Thanks for posting this.


----------



## target

Shawn, you have way more patience than me. I'd have flooded it by now.


----------



## eternity302

target said:


> Shawn, you have way more patience than me. I'd have flooded it by now.


LOL! That wuz exactly what i was thinking! HAHAHA! Would of just garbaged those plants and let the fish roll! HAHA~


----------



## Nicklfire

Well if i'm going to do it, i'm going to do it right lol  patience is very vital for me, trust me there has been so many times i just want to flood it and start adding livestock and plants lol

I want to see it when it's all done and go.. wow.. that's cool


----------



## Nicklfire

I would have LOVED to post pictures of a AWESOME full carpet of HC apon my return but i have some bad news... not as BAD as it could have been though.

At some point over my trip my cat go on top of my aquarium where the syran wrap was and stared clawing it or fell into it a bit... regardless about 1/4 of the top was gone.

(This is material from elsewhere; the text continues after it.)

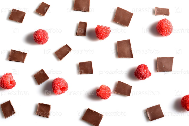 Кусочки шоколада и ягод на белом фоне, вид сверху

This caused the humidity in the tank to completely vanish.. and the water to evaporate.

When i returned the substrate was dry and the plants were barely holding on. I quickly filled up the tank back with water and hopefully we will see what happens.

It's been about 4 days and the plants are recovering, so hopefully in another week i will be ahead of where i was 4 weeks ago lol


----------



## CRS Fan

Cats will always find a way to get in trouble, it's their nature ! Hopefully your HC recovers.

Best regards,

Stuart


----------